Она продолжила и мимоходом невольно вонзила острый нож мне в сердце, сказав:
– Даже если бы, подобно древней королеве Артемизии, я могла выйти замуж за своего брата, Теодорих наверняка бы отверг меня. За то короткое время, пока он был в Новы и пленил там всех девственниц, я поняла, что он предпочитает женщин более… здоровых, чем я. – Я припомнил крепкую крестьянскую девушку Аврору и в душе согласился. Амаламена вздохнула и добавила: – Поэтому, поскольку я, скорее всего, не встречу никого, похожего на брата, возможно, даже хорошо, что я… Я хочу сказать, что немного устала, Торн. Ты не поможешь мне слезть? Или позови Сванильду, чтобы она помогла мне.

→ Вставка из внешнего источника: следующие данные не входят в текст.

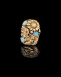 Pre-loved 14k Yellow Gold Genuine Opal & Diamond Accented Sunflower Fashion Floral ring

Какое-то время я буду ехать в carruca.
Теперь принцесса все реже и реже сопровождала меня верхом на муле и все больше времени проводила каждый день, лежа в carruca, словно больная в постели. Я заметил, что Амаламена все меньше и меньше смеялась над моими остротами и мужественными попытками разыгрывать из себя шута. Например, принцесса только улыбнулась равнодушно, когда я рассказал ей историю, услышанную в Виндобоне: о мужчине, у которого было две любовницы; если помните, ревнивицы постепенно сделали его лысым. При этом Амаламена ни разу не пожаловалась на недомогание. Она не казалась ни больной, ни измученной, и я никогда не видел, чтобы она морщилась от боли. Я не знал, удавалось ли ей во время путешествия продолжать пить ослиное молоко и купаться в отваре из отрубей. Но когда однажды я заметил исходящий от нее легкий запах ежемесячного женского недомогания, хотя на лице принцессы и не было никаких признаков его, я отвел Сванильду в сторону, чтобы потихоньку расспросить ее о состоянии госпожи. Служанка подтвердила, что у «принцессы легкое кровотечение», а когда я поднажал на нее, лишь скромно добавила, что «оно не настолько подтачивает здоровье, чтобы прерывать путешествие».

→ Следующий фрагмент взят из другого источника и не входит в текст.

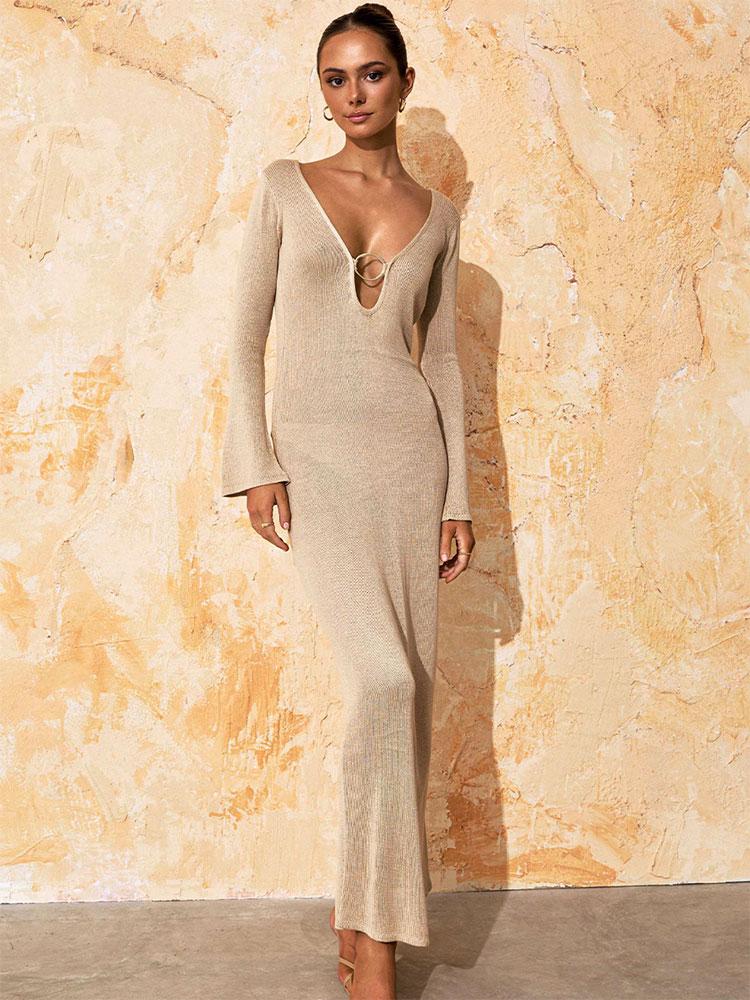 EDOLYNSA Модное металлическое кольцо с V-образным вырезом и длинным рукавом, осень-зима, новое вязаное платье-свитер макси, сексуальное 2024, женские платья для пляжной вечеринки с открытой спиной L бежевый

В результате ли кровотечения или просто из-за дальнейшего развития ее недуга, но Амаламена стала еще более бледной и хрупкой, чем в тот день, когда я впервые увидел ее, хотя я едва ли мог предположить, что такое возможно. Теперь я буквально мог видеть, как пульсирует кровь у нее на висках, сбоку на шее и на тонких запястьях. Мне казалось, что она стала совсем прозрачной. Однако, как ни странно, принцесса не выглядела больной или изможденной; напротив, она стала даже еще красивей. Или это мне так казалось?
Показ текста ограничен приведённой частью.